How it works
How Tangent Calculator solves the problem
If you want a tangent calculator without the sales pitch, the Tangent Calculator keeps the maths honest and the steps visible, the way a spreadsheet would if you'd built it yourself.
Think of Tangent Calculator as the back-of-the-envelope version of the calculation, only the envelope is a web page and the arithmetic is audited by our test suite.
It looks tidier when the working shows — then nobody argues with the answer. Picture the problem as a real-world quantity — then crunch the numbers and the rest of this page explains what the answer means.
Tangent of an angle is the opposite side divided by the adjacent. tan(45°) = 1; tan(0°) = 0; tan(90°) is undefined (vertical line).
On this page you will see Khan Academy, trigonometry and Mathematics treated as first-class terms — each one is linked to the calculators and references that use it, so you can follow the thread without retyping queries into a search bar.
The formula we run is tan(θ) = opposite / adjacent = sin(θ) / cos(θ). You'll see each term laid out in the worked example below.
If it helps, jump straight to the Maths hub or compare with the Sine Calculator and the Cosine Calculator — those two calcs are the ones readers usually open right after this page.
One scenario, fully unpacked
Put the method down against a real situation and the sequence becomes obvious:
Tangent of an angle is the opposite side divided by the adjacent. tan(45°) = 1; tan(0°) = 0; tan(90°) is undefined (vertical line).
Every run comes back to tan(θ) = opposite / adjacent = sin(θ) / cos(θ) — change the inputs, the structure of the answer stays.
When to use this calculadora
Tangent Calculator is aimed at people arriving with questions like these:
- "Tangent of angle"
- "Arctan calculadora"
- "Tan 60 degrees"
- "Tangent ratio"
- "What is tangent calculator"
- "How to calculate tangent calculator"
When to reach for something else
Every tool has an edge where it stops being the right answer. Tangent Calculator is no exception:
- For legally binding tax or medical decisions — cross-check with HMRC, NHS or a qualified professional.
- For very large or very small extremes the rounding error outgrows the useful precision.
- When the underlying rate or threshold has changed since the page was last reviewed — always verify with the primary source.

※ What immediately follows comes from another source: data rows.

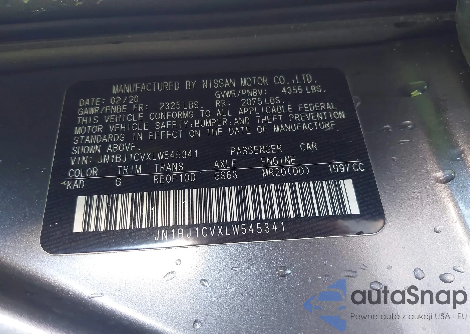 VIN: JN1BJ1CVXLW545341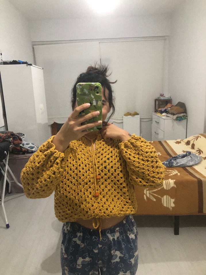 El örgüsüdür . Kendim ördüm. Boyum 155 kilom 48 duruşu bu şekilde . Kolları ve beli bağlamalı ama isterseniz ipleri çıkarıp salaş olarak da kullanabilirsiniz.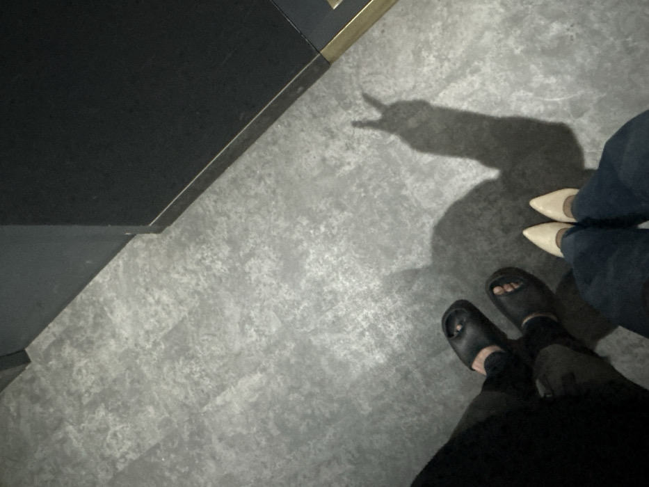 The scene, located in Bekasi, Indonesia, captures an overhead perspective of a grey, textured floor surface, likely polished concrete or large-format tiles. Two individuals are partially visible at the bottom of the frame. On the left, a person wears dark trousers and black open-toed slide sandals on both feet. To their right, a second person is clad in blue jeans and light-colored, pointed-toe flat shoes. A distinct shadow, originating from the second individual, projects onto the floor, clearly depicting a hand forming a V-sign (peace sign). The upper right quadrant of the image shows a dark, possibly black, vertical wall or structure with a thin, brass-colored strip running along its base and corner, indicating an interior architectural element. The lighting source, positioned to cast long shadows, suggests an indoor environment.

- When the input you have is already a derived figure (net of something) — feeding it in as "gross" will double-subtract.
Traps to steer around
Every time you crunch the numbers for a new scenario, one of these creeps in — it's worth knowing them ahead of time.
- Ignoring the unit multiplier (k, M, %, basis points) on the input and feeding the raw number in anyway.

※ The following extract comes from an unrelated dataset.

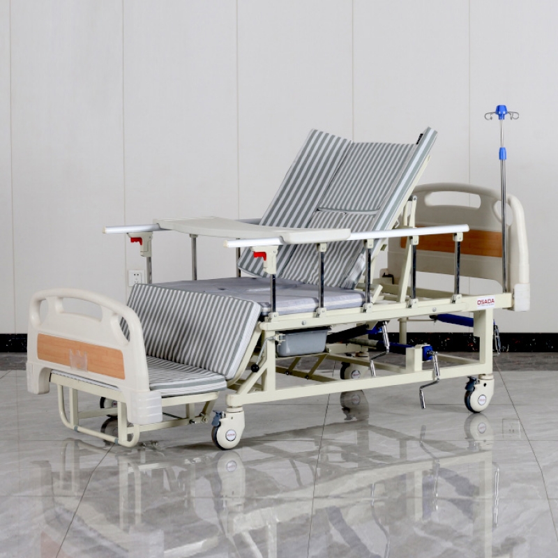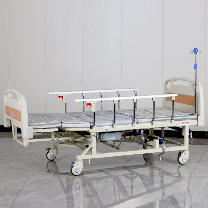 Giường bệnh nhân với cơ cấu vận hành bằng 3 tay quay và 1 cần gạt chắc năng bô. Điều chỉnh nâng hạ đầu 0-80°, điều chỉnh nâng chân 0-40°, hạ chân 40°, lật người nghiêng trái - phải, có trang bị bô vệ sinh + bàn ăn lắp ráp + cây truyền dịch điều chỉnh độ cao + đệm mút xơ dừa dày 6cm và vỏ ga bẳng vải cotton. Giường có bánh xe giúp di chuyển và xoay 360 độ tiện dụng |

- Assuming the default settings match your context — check the calc's assumptions box before trusting the figure.
- Re-entering the result of a previous step as an input without keeping the full-precision number in front of you.

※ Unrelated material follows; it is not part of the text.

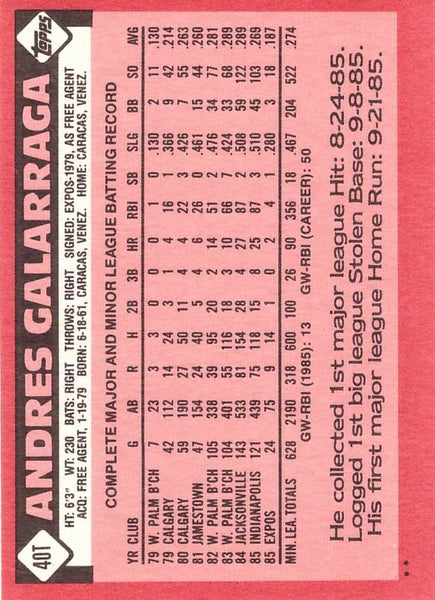 A 1986 Topps 40T Montreal Expos Baseball Card hand signed by Andres Galarraga. The item and signature are in excellent condition. Galarraga is a 5x All-Star, won two National League Gold Glove Awards, two NL Silver Slugger Awards, and won the MLB Comeback Player of the Year Award. AUTHENTICATION: The item is accompanied by a Certificate of Authenticity - Serial Numbered and Databased Hologram - picture of Andres from the signing -

- Reading a negative answer as an error when the maths is telling you the inputs are in the wrong order.
- Cross-comparing to a tool that uses a different formula family (e.g. Mifflin vs Harris-Benedict) without saying so.
The sources behind the numbers
Where the maths needs an external authority, we cross-check against:
- BBC Bitesize
- MathsIsFun
- Khan Academy
Works well alongside
If this question keeps coming up for you, the same cluster of tools usually comes next:
- Sine Calculator — Calculate sine of any angle in degrees or radians, plus inverse sine (arcsin) for finding an angle from a side ratio. Includes unit-circle reference values.
- Cosine Calculator — Compute cosine of any angle in degrees or radians, and use the inverse (arccos) to find an angle from a ratio. Ideal for trigonometry homework and surveying.
- Pythagoras Theorem Calculator — Find the hypotenuse or a missing side of a right-angled triangle using a² + b² = c².
How we keep this accurate
Our calculadoras run on pure, unit-tested functions — the same logic lives in the browser and in the CI test suite. When tax rates, thresholds or official figures move, the update lands within 24 hours of the announcement. You can read the editorial policy and corrections policy.
Found an out-of-date number on Tangent Calculator or anywhere else in the Maths toolkit? Send it to the editorial desk and we'll patch it. Or browse the full calculadora directory for the next tool you need.